WORK ITEM: Each entry below should be echoed exactly, with pictures omitted.

RECORDS TO USE:
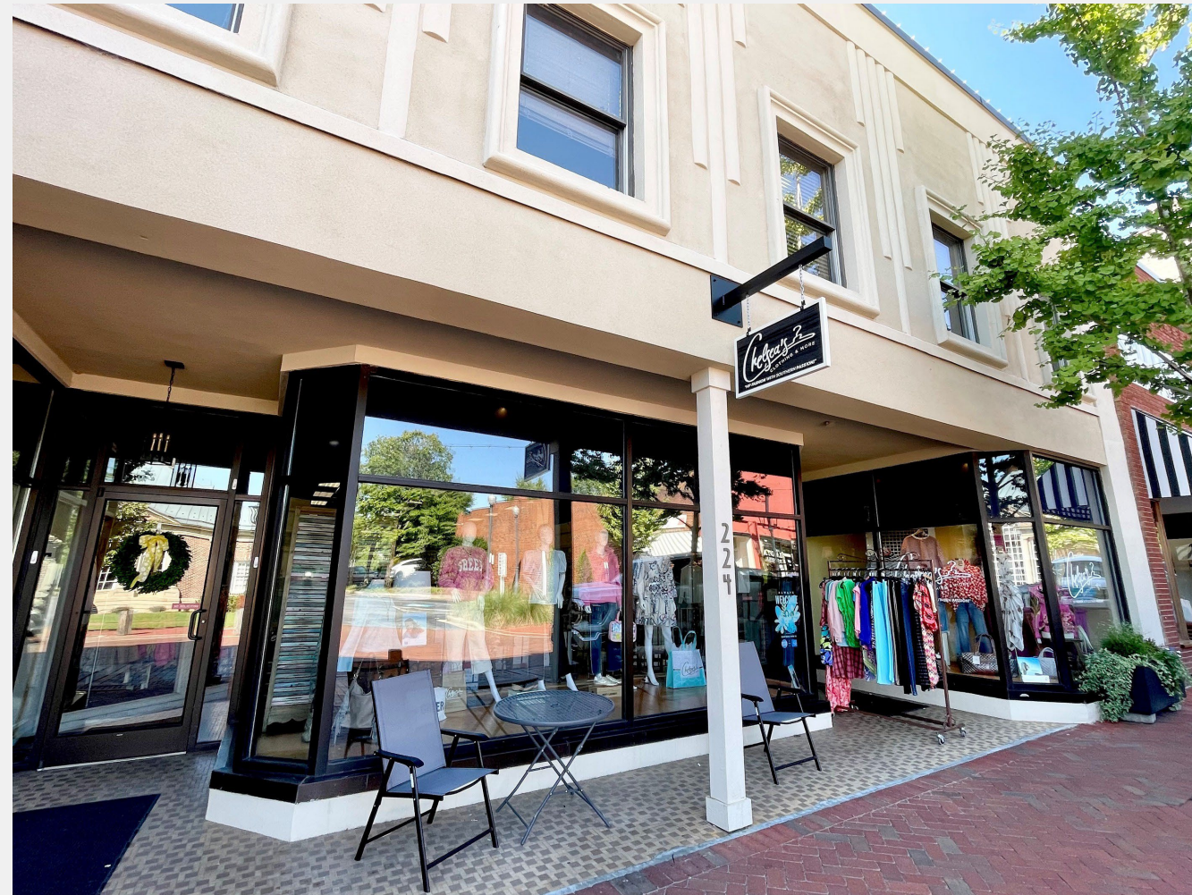
Chelsea's Ladies Apparel Greer
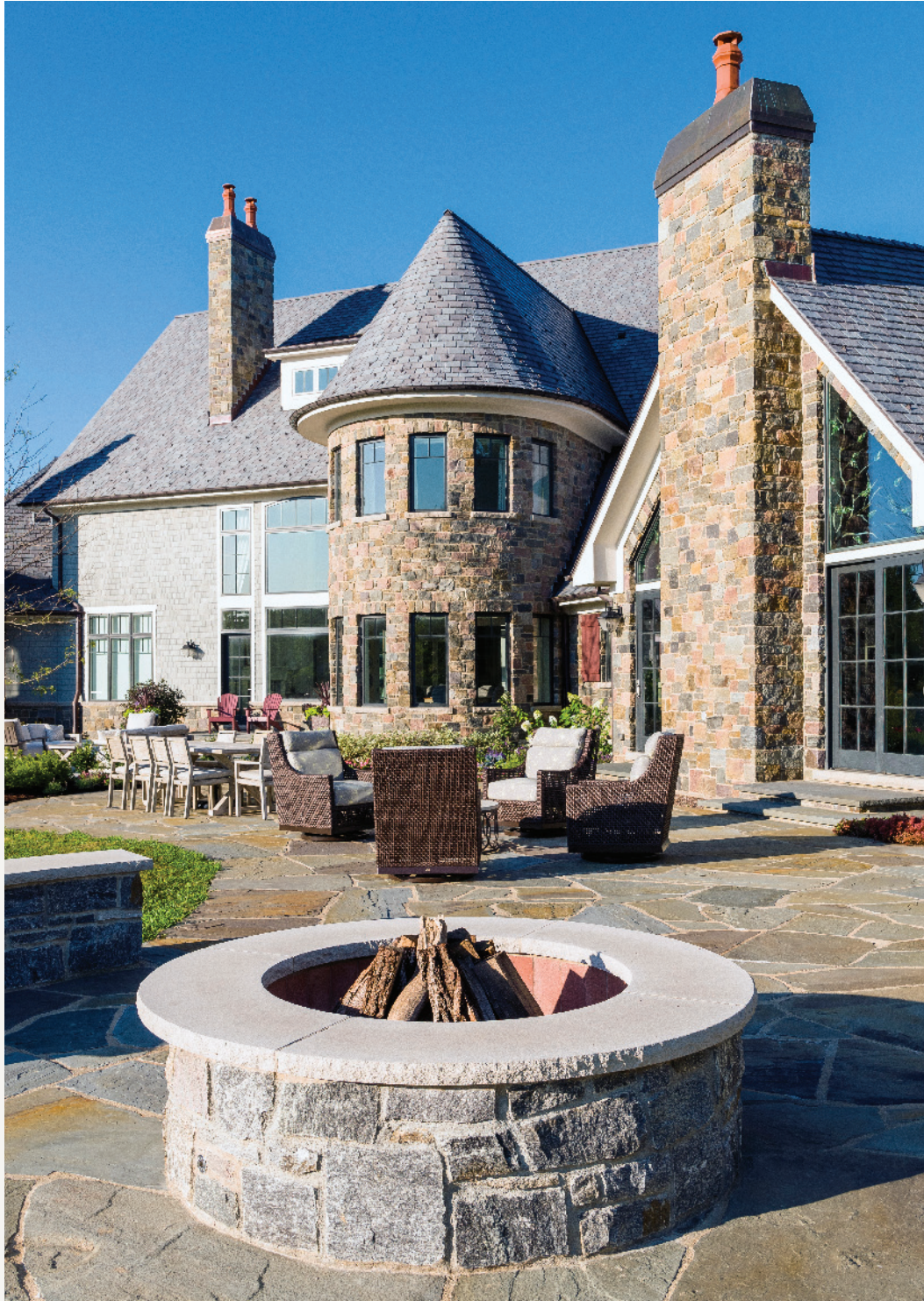
An outdoor fireplace is a focal point on the grade level that sits several feet above the pool area. Flowers and herbs are planted closer to the home.
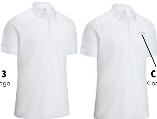
100 BRIGHT WHITE

CGKFBOW3 Code for added logo on left chest.
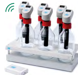
RESPIROMETRIC Sensor System MAXI - BMP 6 positions - Results on display and RESPIROSoft™
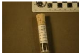
Allosaurus sp. (7360)
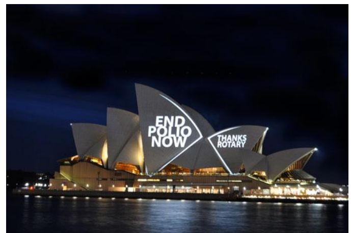
Sydney Opera House - Sydney Australia
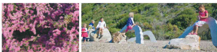
Above left Melaleuca papillosa . Above Barrens Beach.
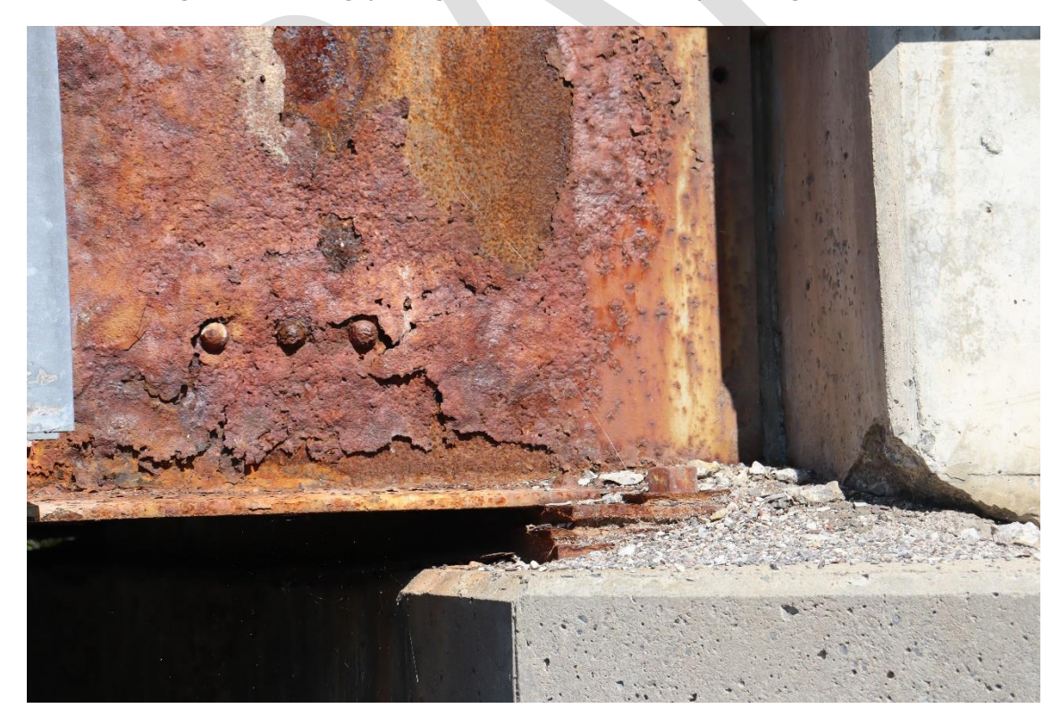
Image 23. Exterior face south girder on east abutment of west bridge
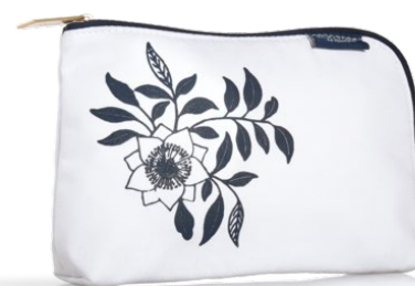
Floral Navy Cosmetic bag €2.20 (worth €3.30)
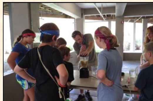
Who wants the first glass?
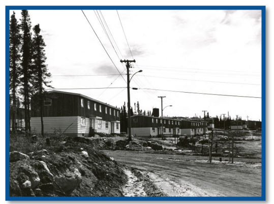
Wabush. Street & town houses (to become Duifield St. & Bond St.) Perlin Collection PA1524, C432.
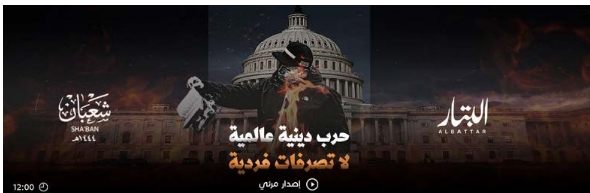
The opening screen of the video (Telegram, February 24, 2023)

► The opening of the video in French could perhaps imply that it was produced in a French-speaking country. The choice of the title of the video, “Global religious war - not individual conduct,” was intended to encourage an extensive campaign and not sporadic actions, perhaps due to the fact that until now the call to carry out terrorist attacks against Christians has not led to any response by ISIS operatives and supporters.
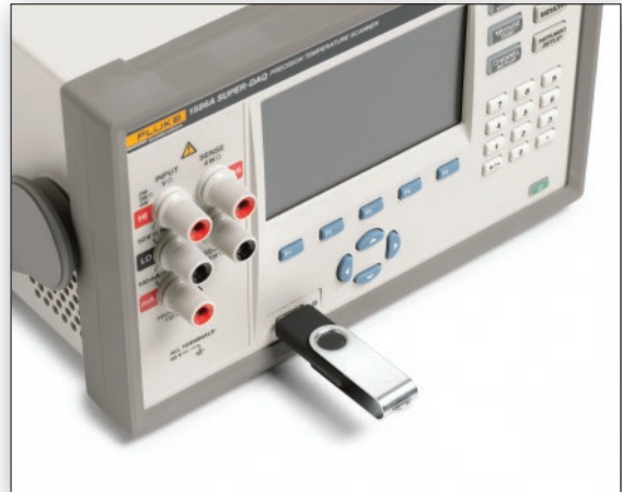
Easily transfer Super-DAQ data and setup files using a USB flash drive.

The Super-DAQ also includes two levels of data security to prevent unauthorized users from tampering with or forging test data or setup files. This security feature is especially important to industries that are regulated by government agencies where data traceability is required.
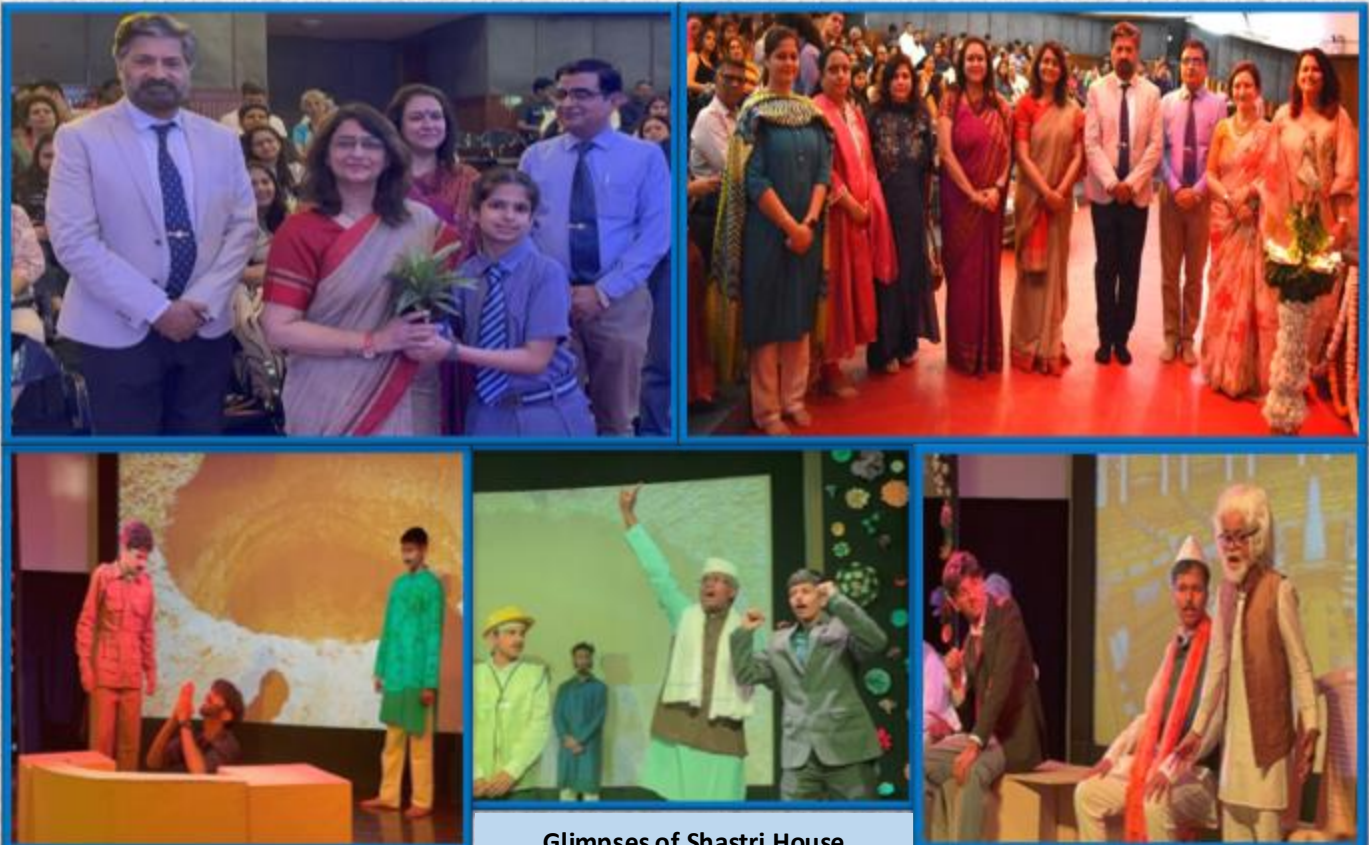
Glimpses of Shastri House
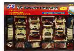
PART #: JTDP006

4PC 1" X 15' RATCHET TIE DOWNS SET W/ CAMOUFLAGE STRAP
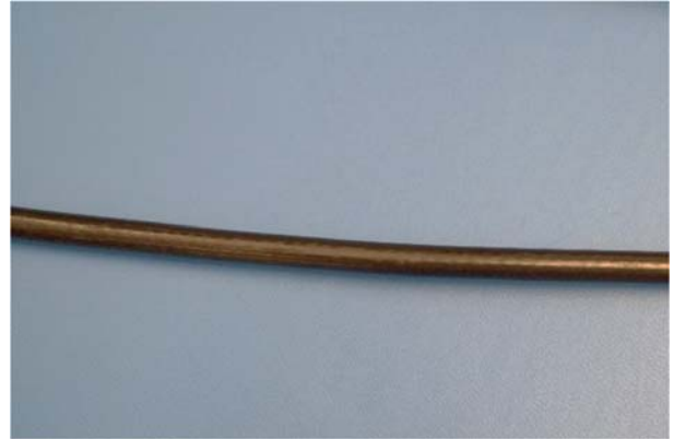
Figure 6: Undamaged and Intact Motor Cable
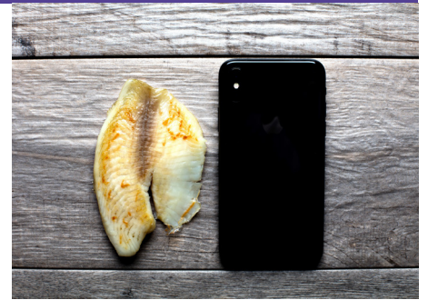
Fish the size of a smart phone
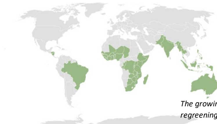
The growing network of regreening contractors
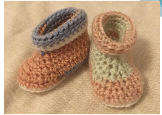
Booties crocheted by Julia for a soon to arrive niece or nephew

I like to read a lot and taught myself how to crochet through YouTube videos. I have been crocheting a lot in lockdown – I finally finished a project I have been working on for a long time. At this stage I have only completed blankets, but I have just purchased a pattern to make a jumper for my next project. I hope learning new things keeps my brain active.
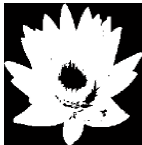
Figure 5. Morphological Filling

Finally, the segmentation result is corrected by mathematical morphology methods.
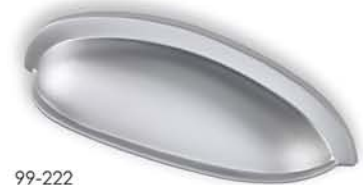
99-222 Matte Chrome
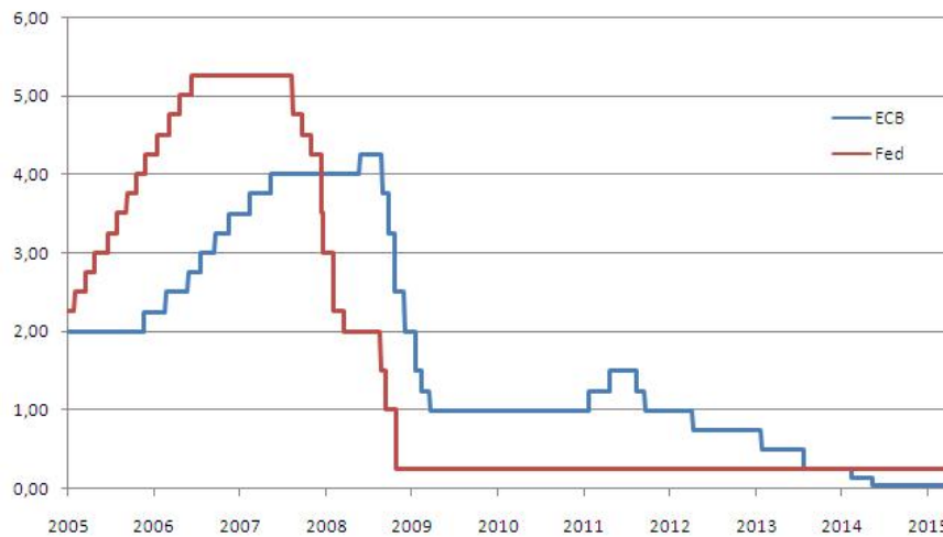
Fig. 1. Fed funds rate for the Fed, main refinancing rate for the ECB

Following this argumentation, investors should be indifferent between using the current exchange rate ER_t and investing in the U.S., thus, earning I_{US_t} or investing in the Euro area earning I_{EA_t} and transferring the whole investment after maturity at the today expected rate in the next period E_t ER_{t+1} 1 . Simply rearranging, the assumption of rational expectations and delay equation (1) by one period leads to:

TASK ANSWER:
Chelsea's Ladies Apparel Greer
An outdoor fireplace is a focal point on the grade level that sits several feet above the pool area. Flowers and herbs are planted closer to the home.
100 BRIGHT WHITE

CGKFBOW3 Code for added logo on left chest.
RESPIROMETRIC Sensor System MAXI - BMP 6 positions - Results on display and RESPIROSoft™
Allosaurus sp. (7360)
Sydney Opera House - Sydney Australia
Above left Melaleuca papillosa . Above Barrens Beach.
Image 23. Exterior face south girder on east abutment of west bridge
Floral Navy Cosmetic bag €2.20 (worth €3.30)
Who wants the first glass?
Wabush. Street & town houses (to become Duifield St. & Bond St.) Perlin Collection PA1524, C432.
The opening screen of the video (Telegram, February 24, 2023)

► The opening of the video in French could perhaps imply that it was produced in a French-speaking country. The choice of the title of the video, “Global religious war - not individual conduct,” was intended to encourage an extensive campaign and not sporadic actions, perhaps due to the fact that until now the call to carry out terrorist attacks against Christians has not led to any response by ISIS operatives and supporters.
Easily transfer Super-DAQ data and setup files using a USB flash drive.

The Super-DAQ also includes two levels of data security to prevent unauthorized users from tampering with or forging test data or setup files. This security feature is especially important to industries that are regulated by government agencies where data traceability is required.
Glimpses of Shastri House
PART #: JTDP006

4PC 1" X 15' RATCHET TIE DOWNS SET W/ CAMOUFLAGE STRAP
Figure 6: Undamaged and Intact Motor Cable
Fish the size of a smart phone
The growing network of regreening contractors
Booties crocheted by Julia for a soon to arrive niece or nephew

I like to read a lot and taught myself how to crochet through YouTube videos. I have been crocheting a lot in lockdown – I finally finished a project I have been working on for a long time. At this stage I have only completed blankets, but I have just purchased a pattern to make a jumper for my next project. I hope learning new things keeps my brain active.
Figure 5. Morphological Filling

Finally, the segmentation result is corrected by mathematical morphology methods.
99-222 Matte Chrome
Fig. 1. Fed funds rate for the Fed, main refinancing rate for the ECB

Following this argumentation, investors should be indifferent between using the current exchange rate ER_t and investing in the U.S., thus, earning I_{US_t} or investing in the Euro area earning I_{EA_t} and transferring the whole investment after maturity at the today expected rate in the next period E_t ER_{t+1} 1 . Simply rearranging, the assumption of rational expectations and delay equation (1) by one period leads to:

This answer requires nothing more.